Handle GZIP stream correctly
josvanroosmalen opened this issue · 7 comments
Internal Bugtrack reference: 42127
The next major version of MarkLogic Server will support HTTP Chunking and GZIP compression if requested by the request headers.
Some MarkLogic Java Client API unit tests are now failing against this latest MLS build.
Based on a first analysis:
- The Java Client API is always sending requests that it accepts GZIP (
accept-encoding: gzip) - The new server is going to respond with a GZIP. The current MLS version is ignoring this, so it sends an uncompressed stream.
- The Java Client API is producing undesired outcome, because it makes certain assumptions which are not true in case a GZIP stream is delivered. For example
body.contentLength()is frequently tested to see the response is empty or not. In case of GZIP this is always-1, so this test result in the wrong program flow.
The goal of this change is to get the Java Client API working with both uncompressed and compressed streams, so that all integration tests runs fine with the current build and next major release of the server.
I am working on a fix now.
Will need to review reasons for current implementation, as described above.

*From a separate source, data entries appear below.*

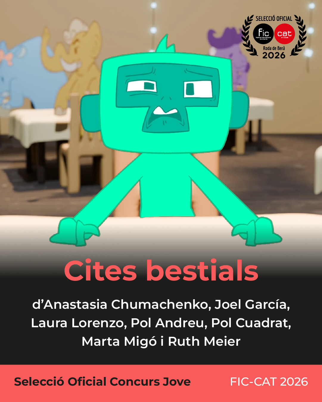 Beast Dates (Cites Bestials), una animació d’Anastasia Chumachenko, Joel García, Laura Lorenzo, Pol Andreu, Pol Cuadrat, Marta Migó i Ruth Meier. Torredembarra (Tarragona).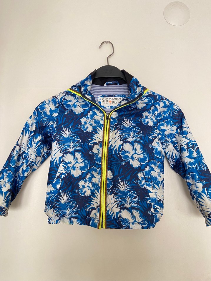 Fermuarlı önü, çentikli yaka ve renkli mavi tie-dye çiçek desenli, sentetik kumaştan yapılmış erkek çocuk için dar kesim yağmurluk. 5-6 yas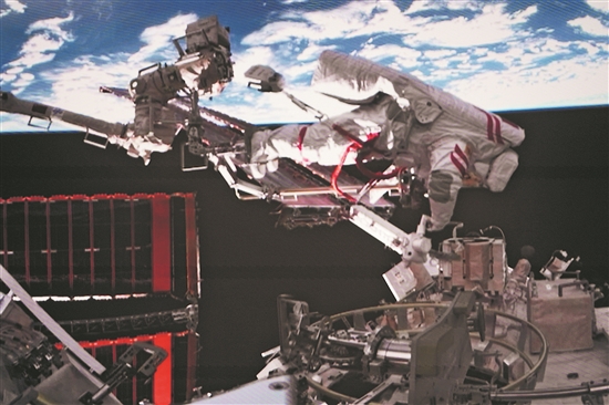 这是12月9日在北京航天飞行控制中心屏幕上拍摄的神舟二十一号乘组航天员张陆在舱外工作的画面。

I'm thinking that only requests that return a large payload should be compressed with the rationale that compressing and decompressing small responses might degrade instead of improving performance.
One way to address this problem would be for the Java Client to submit the accept-encoding: gzip header only for requests that could return a large payload. The Java Client would omit that header for requests that always return a small payload.
Another way to address this problem would be for the REST API endpoint to control whether it compresses the response. In this approach, the REST API would need a response configuration pragma or builtin so it could enable or disable support for gzip.
A third way to address the problem would be for the appserver to compress only if the response is larger than a minimum threshhold.
It's not always about efficiency of CPU/time. When dealing with egress in cloud environments, smaller compressed payloads can save money.
I made a MLS fix which does (until now) not require a Java API change to fix regression. The change is that we do not send content-encoding:gzip if the body is empty. In that case we do not sent this content-encoding but we sent content-length:0 instead. By doing this program flow within the client API works again, because if content-encodig:gzip is there, then it contains a body, and in OKHTTP the body.contentLength()=-1. If the body is empty then contentLength()==0. As long as the API checks contentLength!=0 for being body present, then this works because this both matches -1 (for GZIP) and positive values (unzipped). This goes wrong if the API is using contentLength > 0 but that seems not the case.
Also this solution seems to fit better the 'expectations' from clients. You can find multiple complains on internet for different server products which sends content-encoding:gzip followed by no-body. Other client/middleware/integration products seems to have problems with this. Also OKHttp has a problem with this, because the GZIPSource simply starts to try to read the GZIP header without checking it is there, causing IO exceptions.
I would propose to keep this ticket open until regression is confirmed fix. If still some Client API changes are needed we will use this ticket for this.
Ajit reported that the Java Client vs next major MLS fixed so we close this one now.